Brenda Mallory, the chair of the White House Council on Environmental Quality. She has worked alongside academics and in a number of senior roles in public office to advance environmental protections for low-income and communities of color. In her current role, Mallory advises President Joe Biden on policies that foster public health, environmental justice, and the resiliency of U.S. communities to the effects of climate change and natural hazards such as floods and sea-level rise and hurricanes, as well as the best practices to develop carbon capture, utilization, and sequestration projects.
Michelle Holder, president and CEO of the Washington Center for Equitable Growth, will moderate the panel.
Rebalancing Big Tech’s grip on the economy
Tuesday, September 21, 2:05 p.m. – 2:50 p.m.
From digital marketplaces to invasive worker surveillance, tech companies play an outsized role in the everyday lives of U.S. workers and their families while evading sufficient scrutiny and providing few consumer and worker protections. Dominant tech platforms stifle innovation and hinder entrepreneurship opportunities, and ubiquitous and invasive management tools risk exacerbating longstanding inequities for workers. Panelists will discuss how sound policy, coupled with a strong, organized advocacy strategy, are needed to manage technological integration so the gains from these advancements are fairly distributed, spurring competition and broadly shared economic growth.
The panelists are:
New York Attorney General Letitia James, who is at the forefront of tackling anticompetitive behavior in the technology industry.

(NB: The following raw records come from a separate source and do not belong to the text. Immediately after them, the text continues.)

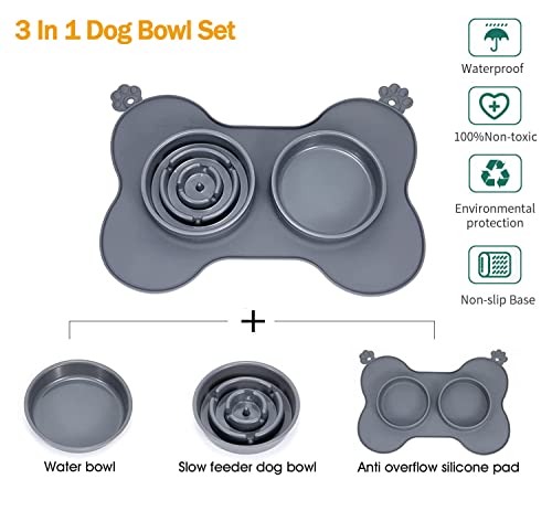 Pet Ciotole per Cani Gatti, Pet Ciotole Doppia, Tappetino Silicone Antiscivolo, Ciotole per Animali e Water Bowl, Alimentazione Lenta, Divertente Ciotola Interattiva per Gatto e Cane(Grigio)
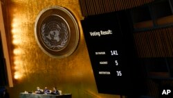Բանաձևին ձեռնպահ են քվեարկել 35 անդամներ, այդ թվում՝ Չինաստանը, Հայաստանը, Հնդկաստանը, Իրանը, Իրաքը, Կուբան, Ղազախստանը, Ղրղզստանը, Տաջիկստանը և այլ երկրներ: Հինգ երկրներ՝ Ռուսաստանը, Սիրիան, Բելառուսը, Հյուսիսային Կորեան և Էրետրիան դեմ են քվեարկել բանաձևին։ Ադրբեջանը, Վենեսուելան, Ուզբեկստանն ու ևս ինն այլ երկրներ չեն մասնակցել բանաձևի քվեարկությանը:
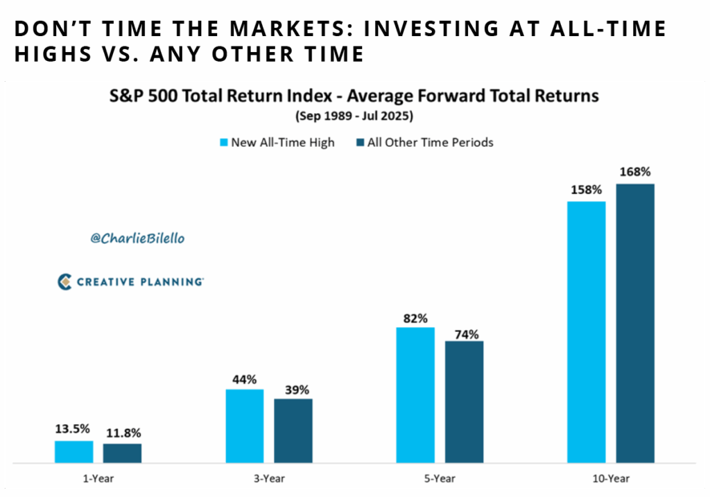 This chart depicts the historical outcomes of the S&P 500 Total Return Index when investing at only all-time highs versus investing at all other time periods (from September 1989 through July 2025). After one year, all-time-high investing is 1.7% higher than investing at all other time periods; at three years, all-time-high investing is 5% higher than investing at all other time periods; at five years, all-time-high investing is 8% higher than investing at all other time periods; and at ten years, all-time-high investing is 10% lower than investing at all other time periods.
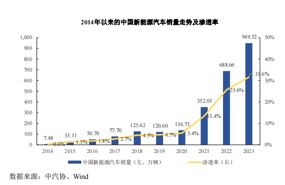 中国新能源汽车进入加速发展新阶段。公开数据显示,中国新能源汽车市场的渗透率从2014年的0.3%升至2023年的31.6%,2024年第三季度超过50%。
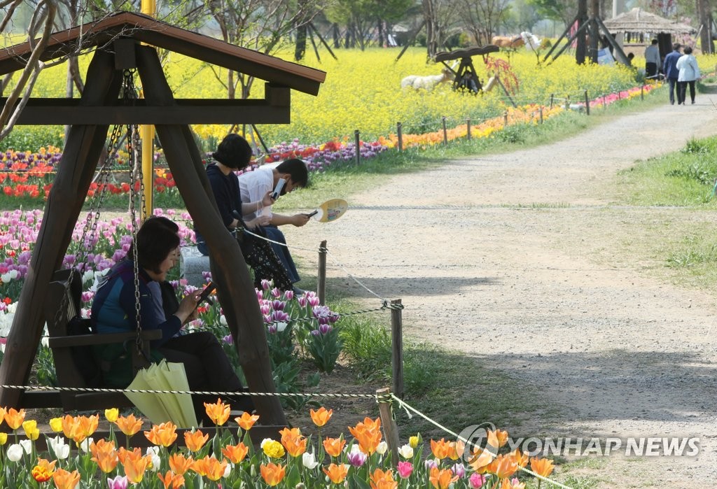 | ▲ 봄과 여름 사이 (창녕=연합뉴스) 이정훈 기자 = 낮 기온이 초여름을 방불케 하는 27도까지 오른 12일 낮, 경남 창녕군 남지읍 낙동강 변 유채단지에서 양산과 부채를 든 시민들이 그늘이 있는 의자에 앉아 휴대폰으로 사진을 찍거나 휴식을 취하고 있다. 2022.4.12 seaman@yna.co.kr |
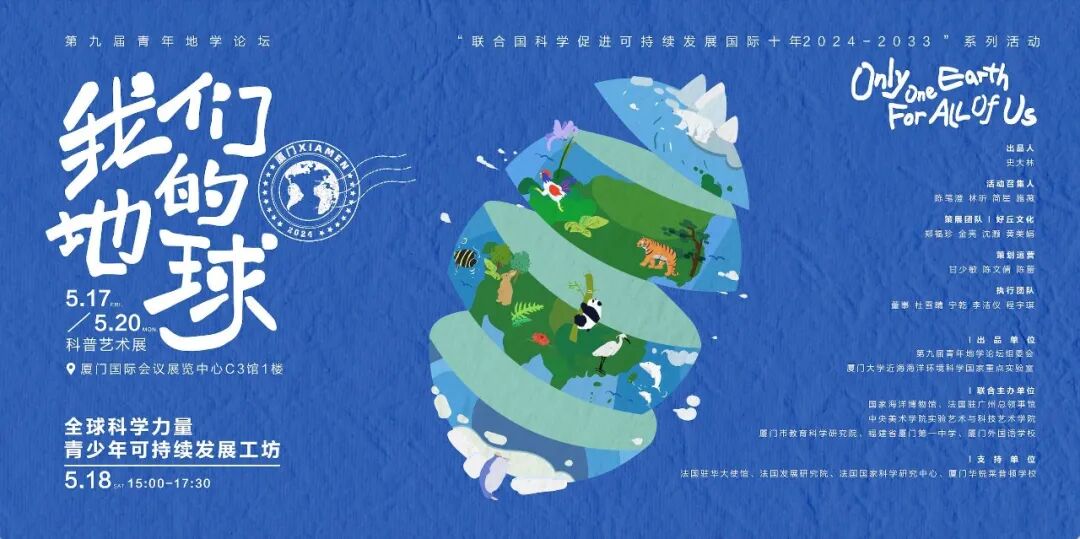 由第九届青年地学论坛组委会、厦门大学近海海洋环境科学国家重点实验室发起,联合国家海洋博物馆、法国驻广州总领事馆、中央美术学院实验艺术与科技艺术学院、厦门市教育科学研究院、福建省厦门第一中学、厦门外国语学校、好丘文化、厦门华锐莱普顿学校等共同开展:
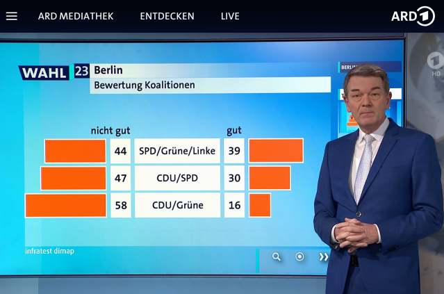 Und viele enttäuschte SPD-Wähler seien ja zur CDU gewandert. Ich würde CDU-SPD-Koalition vermuten, falls Grüne vor der SPD landen.
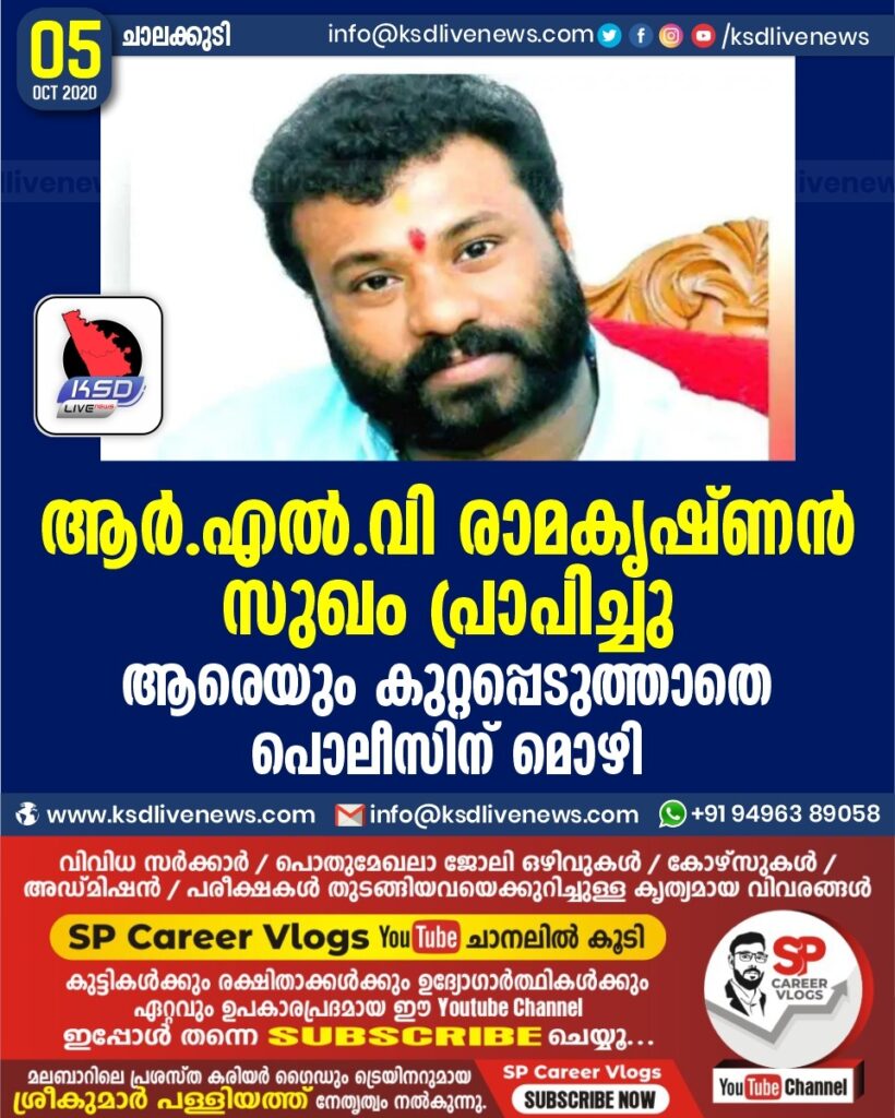 ആർ.എൽ.വി രാമകൃഷ്ണൻ സുഖം പ്രാപിച്ചു : ആരെയും കുറ്റപ്പെടുത്താതെ പൊലീസിന് മൊഴി

James will provide opening remarks to the panel. She has led multipleantitrustsuits that allege monopolistic behavior by tech giants, including the acquisition of smaller rivals and other activities that limit competition by other players in the ecosystem.
Antoine Prince Albert III, the government affairs policy counsel at Public Knowledge, a tech-focused think tank. He examines what policymakers are doing and can do when it comes to fostering online platform governance and competition, as well as addressing privacy concerns, with a recent detailed piece on how Congress is approaching these issues. Albert has explored questions related to how technology functions within Black, Latino, and Indigenous communities in the United States, which helps illuminate how technology integration and oversight influences different communities and interacts with people’s social and economic lives.
Ryan Gerety, a senior advisor to United for Respect, an advocacy organization for retail workers. She focuses on the economic and political implications of new technology and its impact on structural inequality. Gerety has also explored the issue of workplace technologies, such as face recognition, worker surveillance, and just-in-time scheduling, as worker monitoring and discipline tools that disproportionately harm Black, Indigenous, and other people of color.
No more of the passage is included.